* [WHAT IS EXPECTED]: The response should repeat word for word every line below from the one with "为了进一步深化太阳集团tyc" to the one with "Республиканское государственное учреждение", inclusive, and nothing else; leave pictures out.

* [DATA TO PROCESS]:
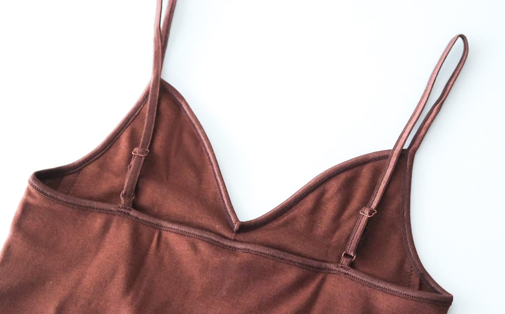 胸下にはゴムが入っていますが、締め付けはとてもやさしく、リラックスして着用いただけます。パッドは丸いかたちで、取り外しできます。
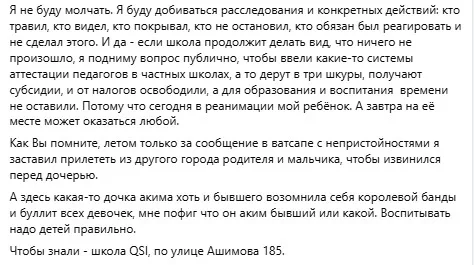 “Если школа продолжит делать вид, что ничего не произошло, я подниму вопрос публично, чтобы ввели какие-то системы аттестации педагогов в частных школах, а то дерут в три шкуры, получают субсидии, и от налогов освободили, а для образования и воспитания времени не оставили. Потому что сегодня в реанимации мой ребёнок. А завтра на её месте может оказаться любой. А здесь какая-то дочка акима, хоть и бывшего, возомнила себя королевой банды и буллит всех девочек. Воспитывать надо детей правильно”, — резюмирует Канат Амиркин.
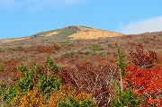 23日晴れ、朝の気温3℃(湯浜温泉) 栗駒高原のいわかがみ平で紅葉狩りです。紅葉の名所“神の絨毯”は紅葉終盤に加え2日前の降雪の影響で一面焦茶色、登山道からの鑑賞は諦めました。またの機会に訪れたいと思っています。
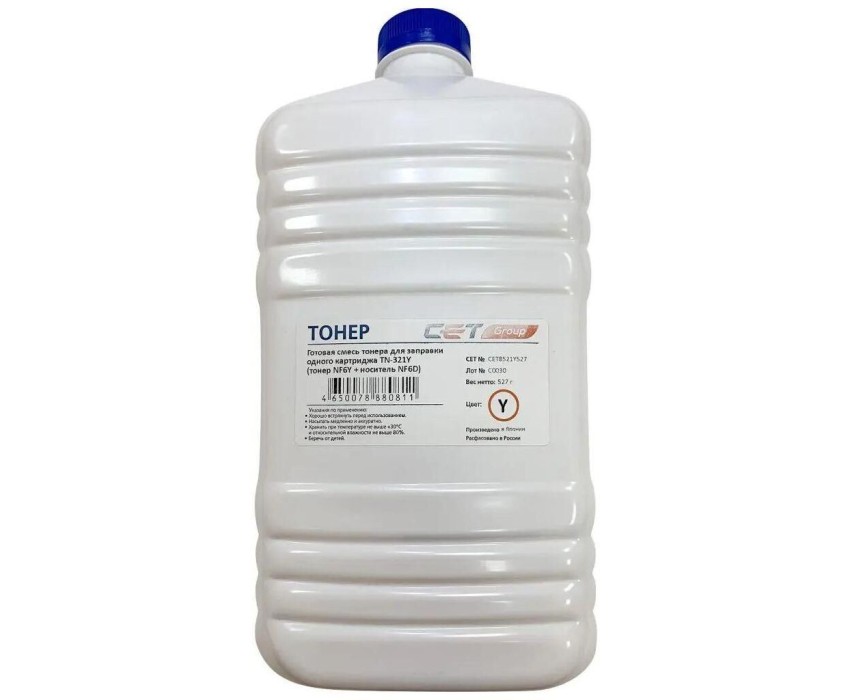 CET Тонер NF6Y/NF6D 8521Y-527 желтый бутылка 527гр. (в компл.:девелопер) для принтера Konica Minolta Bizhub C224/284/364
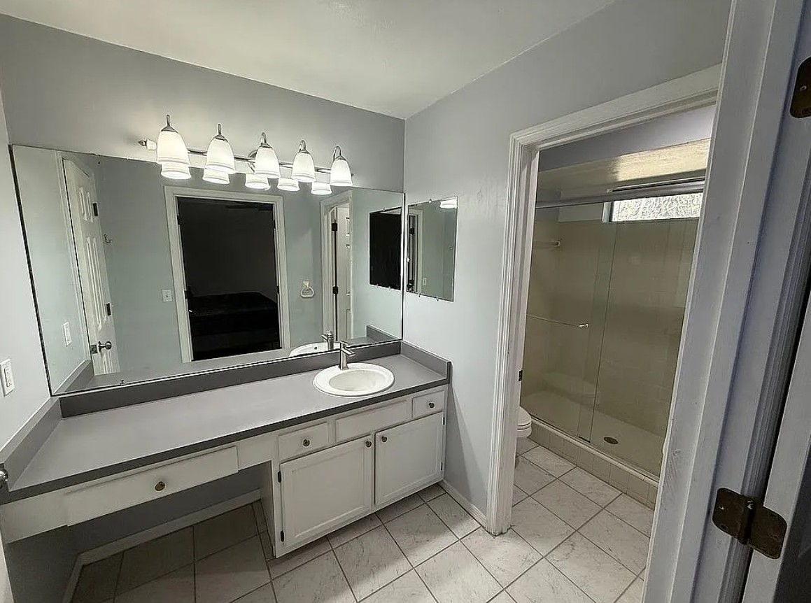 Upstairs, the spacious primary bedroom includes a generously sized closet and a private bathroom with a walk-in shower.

--

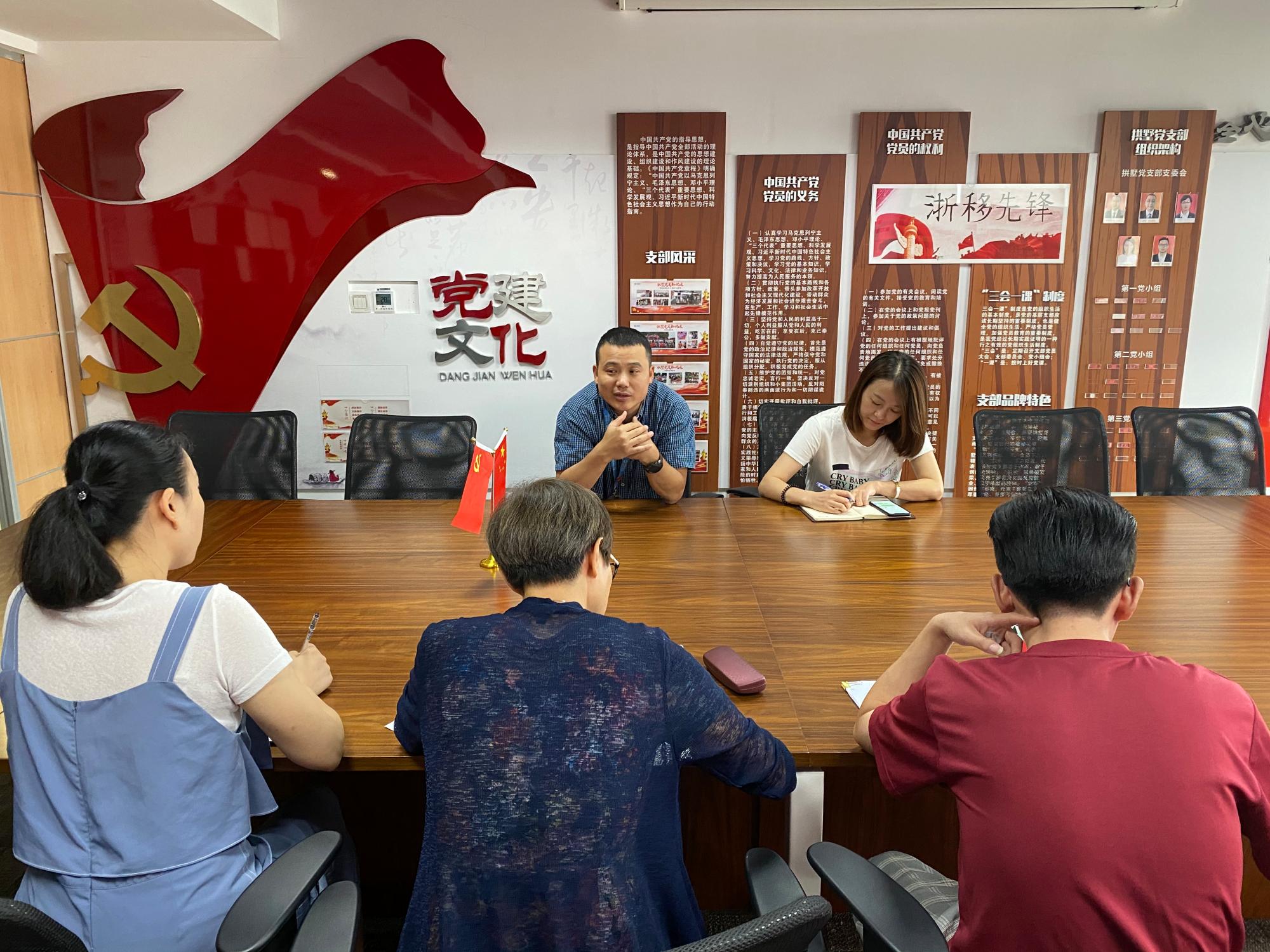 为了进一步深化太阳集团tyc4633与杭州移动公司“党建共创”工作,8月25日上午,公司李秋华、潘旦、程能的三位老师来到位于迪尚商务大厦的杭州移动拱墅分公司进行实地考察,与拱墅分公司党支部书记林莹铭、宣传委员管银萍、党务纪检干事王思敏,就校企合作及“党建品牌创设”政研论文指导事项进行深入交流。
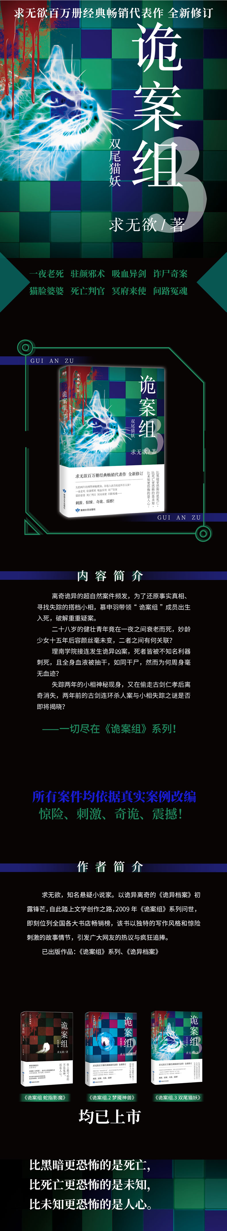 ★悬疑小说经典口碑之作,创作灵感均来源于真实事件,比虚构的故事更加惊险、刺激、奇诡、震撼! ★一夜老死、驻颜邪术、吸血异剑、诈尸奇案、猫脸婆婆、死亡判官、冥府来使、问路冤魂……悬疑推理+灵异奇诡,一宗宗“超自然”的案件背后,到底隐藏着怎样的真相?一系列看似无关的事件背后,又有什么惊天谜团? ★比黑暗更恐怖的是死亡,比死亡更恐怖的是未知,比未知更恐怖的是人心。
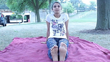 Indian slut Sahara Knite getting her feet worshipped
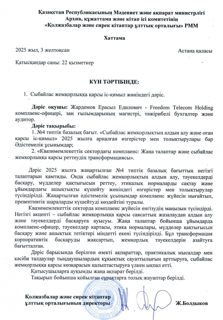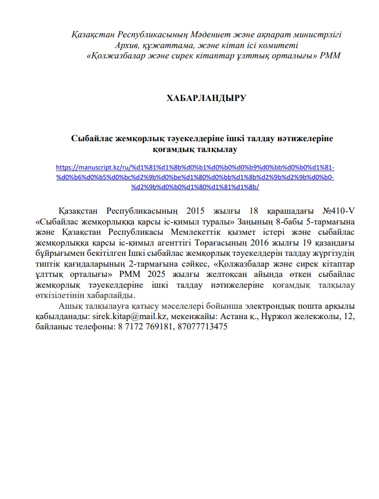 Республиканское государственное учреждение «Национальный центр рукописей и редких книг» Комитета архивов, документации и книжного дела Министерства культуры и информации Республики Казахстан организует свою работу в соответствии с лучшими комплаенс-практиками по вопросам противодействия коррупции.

...

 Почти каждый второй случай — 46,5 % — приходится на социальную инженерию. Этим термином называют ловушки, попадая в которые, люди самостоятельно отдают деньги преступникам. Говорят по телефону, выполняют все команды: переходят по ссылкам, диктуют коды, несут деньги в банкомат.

* [TASK ANSWER]:
 为了进一步深化太阳集团tyc4633与杭州移动公司“党建共创”工作,8月25日上午,公司李秋华、潘旦、程能的三位老师来到位于迪尚商务大厦的杭州移动拱墅分公司进行实地考察,与拱墅分公司党支部书记林莹铭、宣传委员管银萍、党务纪检干事王思敏,就校企合作及“党建品牌创设”政研论文指导事项进行深入交流。
 ★悬疑小说经典口碑之作,创作灵感均来源于真实事件,比虚构的故事更加惊险、刺激、奇诡、震撼! ★一夜老死、驻颜邪术、吸血异剑、诈尸奇案、猫脸婆婆、死亡判官、冥府来使、问路冤魂……悬疑推理+灵异奇诡,一宗宗“超自然”的案件背后,到底隐藏着怎样的真相?一系列看似无关的事件背后,又有什么惊天谜团? ★比黑暗更恐怖的是死亡,比死亡更恐怖的是未知,比未知更恐怖的是人心。
 Indian slut Sahara Knite getting her feet worshipped
 Республиканское государственное учреждение «Национальный центр рукописей и редких книг» Комитета архивов, документации и книжного дела Министерства культуры и информации Республики Казахстан организует свою работу в соответствии с лучшими комплаенс-практиками по вопросам противодействия коррупции.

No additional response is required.